Thursday, March 5, 2009

The Health Care Summit: Or, What Were They Thinking?

The White House health care summit started out inspiringly. Single payer advocates organized their way into the room. The President had originally refused to invite Rep. John Conyers, the lead co-sponsor of the House’s Medicare for All bill, HR 676. The bill would virtually eliminate the private insurance industry, something the President had taken off the table in a nod to that industry’s power and past political clout. But Physicians for a National Health Program and other activists generated massive phone calls in protest, and threatened to demonstrate in front of the proceedings. Rep. Conyers was invited in, along with PNHP President Oliver Fein, MD.

It was a bracing early victory.

Compared with last week’s economic summit, the health care event had the aura of a classroom political science exercise rather than a call to address a pressing financial and humanitarian crisis, with causes and effects, as well as known – if politically difficult - solutions.

Government officials have spent months excoriating the malfeasance of corporate executives and lax regulators who brought the economy to rack and ruin. And then turned around and given them more bucks. The economic summit ended on a forceful note: Fix the health care system, or we doom prospects for economic recovery.

But once at the health care discussion, no actor was excluded from a civil hearing (including, ultimately, single payer). The insurance industry, pharmaceutical manufacturers, hospitals, employers, doctors and nurses, and national leaders of health care consumer groups flanked members of Congress to describe the crises in access, costs and quality. They broke into several groups to talk about the issues for about an hour and a half, then reconvened to chat further with the President.

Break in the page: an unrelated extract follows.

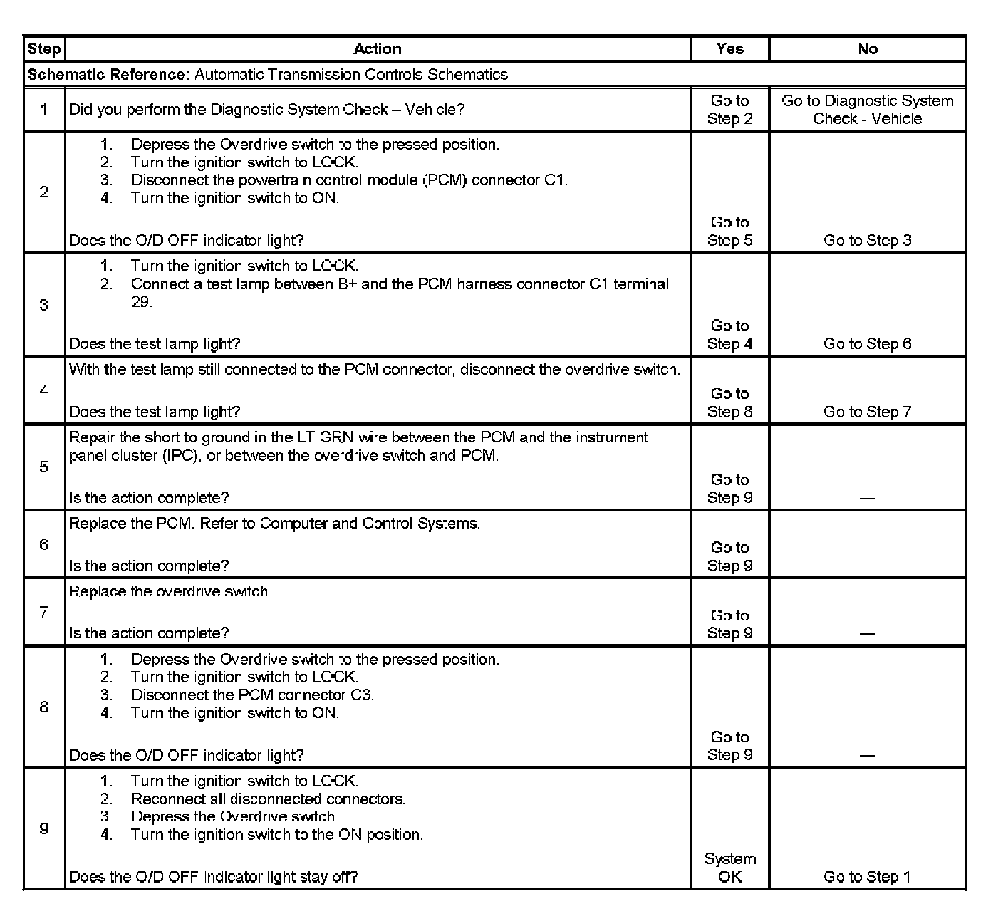 3. This step checks whether the condition is caused by a short to ground or a constantly closed Overdrive switch and not due to a faulty PCM.
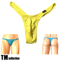 TMコレクションのメンズTバック。ストライクスキン(つるっとしていてさらっと滑らかな柔らかいスペシャルな素材)を使用したTバックビキニ。ツノ型(ウエストにカーブをもたせたゆとりのあるパターン)で、ハイレグ、ローレグ自在)のセクシーパターンです。フロントノーシーム。■サイズ:M(ウェスト76~84cm)、平置き寸法:股上約12cm、幅約10cm■素材:ナイロン88% ポリウレタン12%■生地の伸び:非常に伸びる、厚さ:非常に薄い

In the group televised on C-Span, and moderated by Melody Barnes and Bob Kocher, members of Congress provided the most grounded and the most pointed comments in the face of nearly surreal assertions by others on the panel. Business Roundtable Chair Ken Powell, CEO of General Mills, a processed food giant that has lost 30% of its stock value since September and experienced its share of layoffs, waxed eloquent about how employers are firmly committed to continuing to play a central role in providing health benefits to their employees. They love doing it and by golly they feel good about how good they are at doing it! They’re offering wellness programs that make a real difference in their employee’s lives. He didn’t exactly address how we should deal with the 40% of employers who offer no benefits at all (a detail Rep. Rob Andrews of New Jersey pointed out). In other words: they don’t want the government to do it.

Blue Cross Blue Shield likewise marveled at its own wellness programs. Though they did agree it was time for reform. (Probably need to do something about those pesky pre-existing condition exclusions.) As long as everyone is required to pay into the system. Well actually, to pay them. They didn’t really see the need for a competing public insurance plan.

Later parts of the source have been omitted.